A kind of method and its device of gathered data distribution
Technical field
The present invention relates to Computer Applied Technology field, more particularly to a kind of method of gathered data distribution and its dress Put.
Background technology
At present, with the development of Internet technology and the growth of network magnanimity information, the acquisition to information turns into sorting A kind of increasing demand.It after magnanimity information and data acquisition, will be sorted and secondary operation, realized by crawler technology Gathered data is worth and interests bigizationner, more specialized purpose.
Reptile, gatherer process is completed jointly from thread Anywhere to hundreds of by one, wherein each line Journey can be shown on flow iterative cycles, the thread in reptile module operates in different nodes under distributed system environment In different processes.In distribution crawls, a main frame divider is used(host splitter)By by filtering detection URL is assigned to different acquisition nodes up, also just says, the host object to be gathered can be assigned to different nodes and be adopted Collection.The output result of main frame divider can be input in the repetition URL detection modules of each acquisition node of distributed system.
The present invention proposes a kind of method and its device of gathered data distribution, captures the high-quality number on internet as far as possible According to, while scheduling, ageing is resolved, each side problem is stored, data will be collected, is obtained rapidly by analysis mining a large amount of Target customer and expert data, while produce potential customer list, product information interested provided for purchaser, to big The collection, analysis and depth for measuring data are excavated, and huge business opportunity is provided for purchaser.
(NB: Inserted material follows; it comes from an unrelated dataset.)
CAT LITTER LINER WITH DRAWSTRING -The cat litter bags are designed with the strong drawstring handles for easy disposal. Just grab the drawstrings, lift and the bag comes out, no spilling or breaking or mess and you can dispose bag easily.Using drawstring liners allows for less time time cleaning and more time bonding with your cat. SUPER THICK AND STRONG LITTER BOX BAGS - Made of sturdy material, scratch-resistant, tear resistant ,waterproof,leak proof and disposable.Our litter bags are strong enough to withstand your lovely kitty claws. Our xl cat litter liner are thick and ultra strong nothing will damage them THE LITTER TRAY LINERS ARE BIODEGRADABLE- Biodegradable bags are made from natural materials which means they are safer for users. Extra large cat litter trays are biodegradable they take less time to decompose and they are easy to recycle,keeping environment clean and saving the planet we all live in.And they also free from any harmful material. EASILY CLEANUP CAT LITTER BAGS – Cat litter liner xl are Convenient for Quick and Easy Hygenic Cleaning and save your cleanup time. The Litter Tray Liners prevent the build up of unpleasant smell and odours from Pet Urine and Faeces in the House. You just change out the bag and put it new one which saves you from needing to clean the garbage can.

The content of the invention
In view of this, it is a primary object of the present invention to provide a kind of method and its device of gathered data distribution, cause Power will gather information electric business in guiding enterprise, there is provided the low product of valency of fine quality, save production cost so that product trading is more It is efficiently convenient, meanwhile, concentration shows quality product, increases popularity of enterprise, and more order chances are obtained for supplier.
To reach above-mentioned purpose, the technical proposal of the invention is realized in this way:
A kind of gathered data dispensing device, including:
Data collection data collection module, it is main to include wanting to buy information, information provision, recovery client, top four category informations of information;
Data acquisition module, acquisition tasks are built by crawler technology, to data analysis management, realized to waste and old industry data essence The crawl of parasexuality, and data classification is carried out according to certain rule and screening criteria, form a process of database file;
Data distribution module, by judging the classification of data message, if text message, then waste and old information processing is carried out, such as Fruit is user data, also further to determine whether member by crm system.
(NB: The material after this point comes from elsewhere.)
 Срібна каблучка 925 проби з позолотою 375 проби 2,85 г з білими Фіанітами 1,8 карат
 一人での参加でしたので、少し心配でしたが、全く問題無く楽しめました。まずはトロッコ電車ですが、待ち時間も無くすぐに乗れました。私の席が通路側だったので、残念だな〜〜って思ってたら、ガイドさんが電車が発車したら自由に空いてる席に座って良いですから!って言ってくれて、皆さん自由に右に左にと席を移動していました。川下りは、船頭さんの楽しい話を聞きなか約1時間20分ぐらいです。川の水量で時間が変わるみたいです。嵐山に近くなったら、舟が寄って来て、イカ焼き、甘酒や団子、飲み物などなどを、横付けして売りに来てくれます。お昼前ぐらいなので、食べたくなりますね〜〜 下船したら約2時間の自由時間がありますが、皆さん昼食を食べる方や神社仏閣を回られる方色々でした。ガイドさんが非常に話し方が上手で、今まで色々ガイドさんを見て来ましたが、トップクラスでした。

Present invention also offers a kind of method of gathered data distribution, this method includes:
A, data collection data collection;
B, pond data are gathered;
C, data pool;
D, judge data message classification, if text message, then perform step E, if user data, then perform step F;
E, waste and old information processing;
F, crm system;
G, judge whether user is effective, if invalid, perform step H, if it is valid, performing step I;
H, terminate;
I, member.
Further, step D includes:Waste plastics, broken material and regeneration particle;
Further, step E mainly includes:Stock city and general information, a stock stock in hand inside the city, mode of doing business are that commission is handed over Easily, and general information is user independently merchandises, that is, self-dealing, not by platform, and not amount of money involved of independently merchandising, Consignment trade amount of money involved;
Further, the system described in step F is the built-in system that company contact staff uses, for safeguarding customer data, after Phase gives client's warm call product.
Further, the member described in step I is paid for a kind of mark of advanced member, and member refers to website(Such as then Mould precious APP)It is supplied to a kind of payment product of client, and client to establish a kind of status symbol of cooperation with website and pass through reality The functions such as ground certification, credit accumulation, individual value-added service are that client facilitates transaction, open the gate of ecommerce.
The method and its device of a kind of gathered data distribution provided by the present invention, have advantages below:
1)The order volume of client is improved, business effect is fine;
2)Information rank is improved, helps client preferably to complete product trading;
3)Save and see goods cost, reduce purchase cost, realize that poor goods is free from risk.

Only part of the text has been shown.